*TASK TO COMPLETE*: Your answer must be the exact lines below, starting with the line with "三星 T220+显示器的外观" and going on through the line with "Studierende stellten am", both included, with no pictures.

*EXTRACTED INFORMATION*:
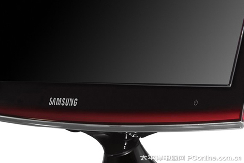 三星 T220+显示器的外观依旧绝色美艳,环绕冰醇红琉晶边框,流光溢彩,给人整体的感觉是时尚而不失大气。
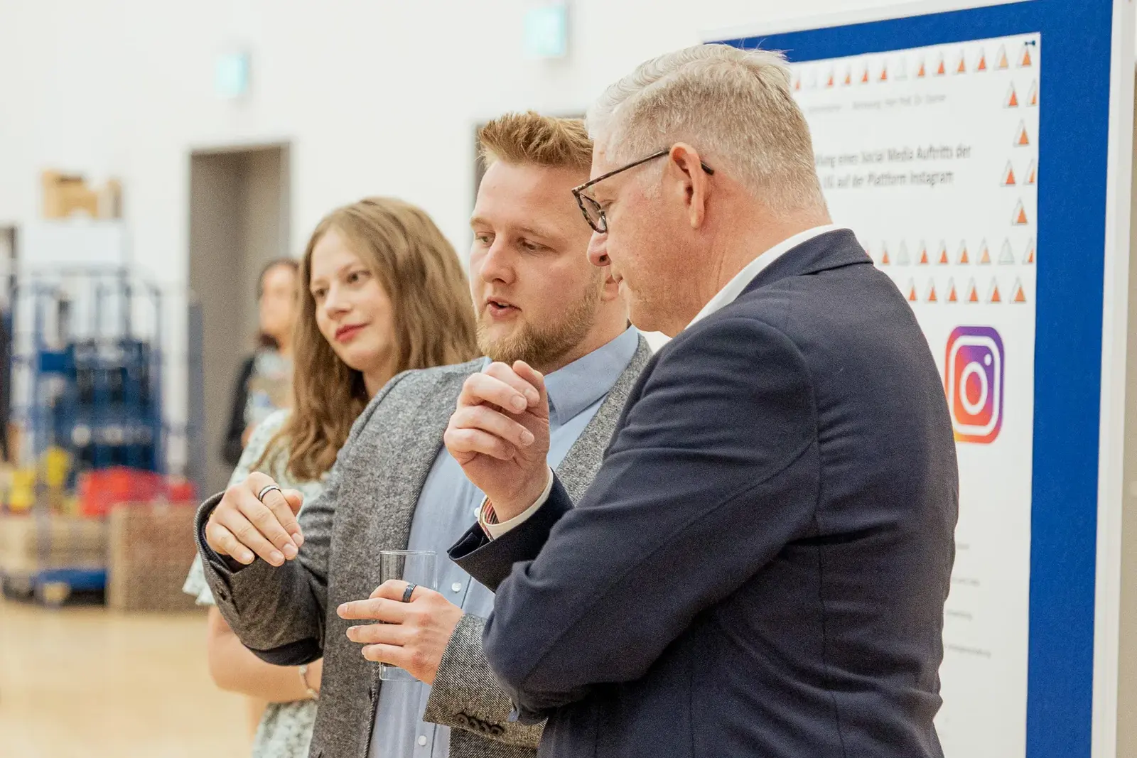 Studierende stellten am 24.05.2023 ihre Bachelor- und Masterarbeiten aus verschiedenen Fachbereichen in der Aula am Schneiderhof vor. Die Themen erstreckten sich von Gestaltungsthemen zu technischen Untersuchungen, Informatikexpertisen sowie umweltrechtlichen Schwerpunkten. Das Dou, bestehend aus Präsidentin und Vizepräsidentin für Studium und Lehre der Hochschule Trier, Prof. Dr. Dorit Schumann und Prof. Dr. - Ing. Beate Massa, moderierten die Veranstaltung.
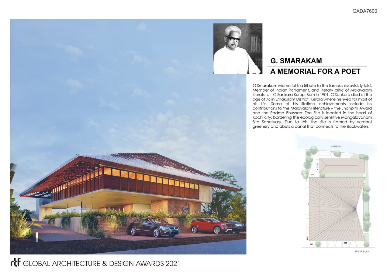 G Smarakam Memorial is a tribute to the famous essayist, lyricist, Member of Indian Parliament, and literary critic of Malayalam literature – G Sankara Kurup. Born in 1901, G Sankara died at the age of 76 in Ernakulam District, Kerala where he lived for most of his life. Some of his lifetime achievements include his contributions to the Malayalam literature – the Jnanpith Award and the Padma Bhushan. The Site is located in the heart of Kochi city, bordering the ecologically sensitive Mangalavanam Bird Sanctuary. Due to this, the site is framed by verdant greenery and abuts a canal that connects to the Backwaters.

==

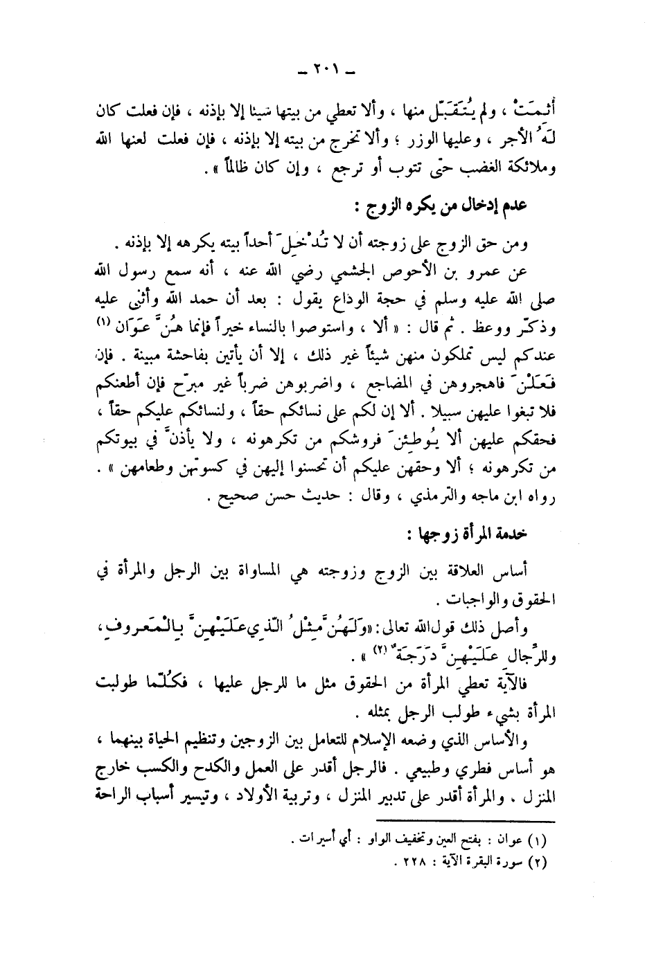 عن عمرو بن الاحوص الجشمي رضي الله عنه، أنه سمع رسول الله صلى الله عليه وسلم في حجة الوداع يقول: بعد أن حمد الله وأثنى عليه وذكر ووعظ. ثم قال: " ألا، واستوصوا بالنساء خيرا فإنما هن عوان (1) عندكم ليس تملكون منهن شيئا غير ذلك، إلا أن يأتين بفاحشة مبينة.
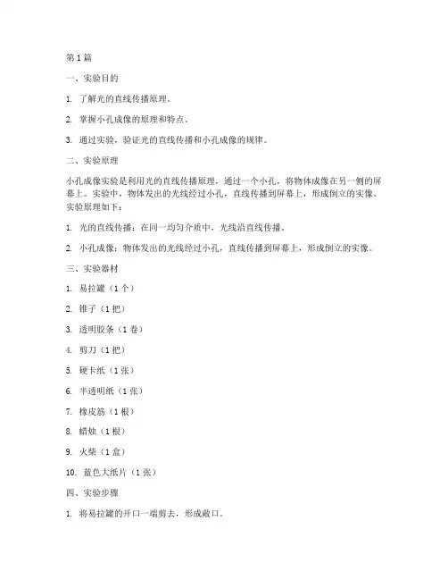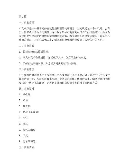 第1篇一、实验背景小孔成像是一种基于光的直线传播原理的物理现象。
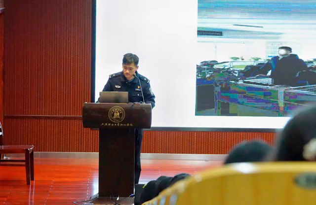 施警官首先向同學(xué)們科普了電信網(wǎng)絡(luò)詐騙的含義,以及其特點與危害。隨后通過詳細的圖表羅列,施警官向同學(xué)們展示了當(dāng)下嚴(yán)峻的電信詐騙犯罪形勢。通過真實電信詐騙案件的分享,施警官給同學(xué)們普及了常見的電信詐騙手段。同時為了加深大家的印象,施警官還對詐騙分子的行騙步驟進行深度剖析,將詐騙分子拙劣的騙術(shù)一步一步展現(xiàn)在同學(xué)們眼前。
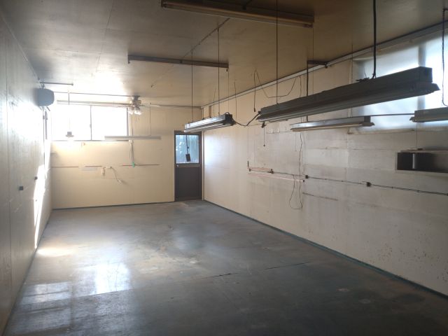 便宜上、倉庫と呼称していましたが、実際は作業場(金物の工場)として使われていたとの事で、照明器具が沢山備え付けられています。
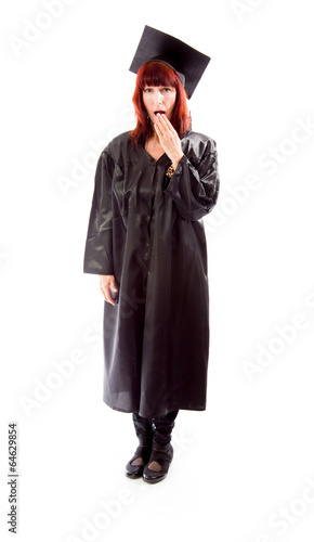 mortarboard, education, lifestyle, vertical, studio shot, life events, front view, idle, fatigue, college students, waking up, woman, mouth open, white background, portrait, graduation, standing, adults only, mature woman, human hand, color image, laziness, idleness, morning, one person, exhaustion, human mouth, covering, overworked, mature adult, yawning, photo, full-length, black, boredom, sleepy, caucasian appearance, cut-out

*RESPONSE FOR THIS EXERCISE*:
 三星 T220+显示器的外观依旧绝色美艳,环绕冰醇红琉晶边框,流光溢彩,给人整体的感觉是时尚而不失大气。
 Studierende stellten am 24.05.2023 ihre Bachelor- und Masterarbeiten aus verschiedenen Fachbereichen in der Aula am Schneiderhof vor. Die Themen erstreckten sich von Gestaltungsthemen zu technischen Untersuchungen, Informatikexpertisen sowie umweltrechtlichen Schwerpunkten. Das Dou, bestehend aus Präsidentin und Vizepräsidentin für Studium und Lehre der Hochschule Trier, Prof. Dr. Dorit Schumann und Prof. Dr. - Ing. Beate Massa, moderierten die Veranstaltung.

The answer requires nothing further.